Guided by friends and family, the couple soon discovered how to navigate the increasingly above-ground world of illegal residency. At the local Mexican consulate, the Valenzuelas each signed up for an identification card known as a matrícula consular, for which more than half the applicants are undocumented immigrants, according to the Pew Hispanic center, a Washington think tank. Scores of financial institutions now accept it for bank accounts, credit cards, and car loans. Next, they applied to the Internal Revenue Service for individual tax identification numbers (ITINS), allowing them to pay taxes like any U.S. citizen — and thereby to eventually get a home mortgage.
The corporate Establishment’s new hunger for the undocumenteds’ business could have far-reaching implications for America’s stance on immigration policy, which remains unresolved. Corporations are helping, essentially, to bring a huge chunk of the underground economy into the mainstream.
The political implications are less clear-cut. Further integration of illegals into the U.S. could help President George W. Bush in his uphill struggle over the past two years to launch a guest worker program. His plan would provide a path to amnesty and full legalization for many unauthorized residents. Companies are taking a position similar to the President’s, in effect saying: There’s no point in pretending that millions of people aren’t here, so let’s find ways to deal with them.
It quickly became apparent. Largely via word of mouth in Hispanic neighborhoods, Wells Fargo has opened 525,000 matrícula accounts, which now represent 6% of the bank’s total. It opens 800 new accounts a day across the 23 states in which it does business.

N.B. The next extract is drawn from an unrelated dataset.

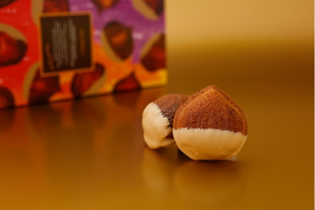 栗のペーストを使ったしっとり生地で、栗を丸ごと1粒包み、キャラメル風味のブロンドチョコレートをディップした焼き菓子です。

The success of the matrícula has encouraged the expansion of other financial products, such as home mortgages, using the ITIN. Created for people such as foreigners with U.S. investments who aren’t eligible for a Social Security number but still may owe U.S. income taxes, the agency issued 900,000 ITINs last year and a total of 8 million since 1996. In Chicago, Second Federal Savings has 620 ITIN loans worth $90 million.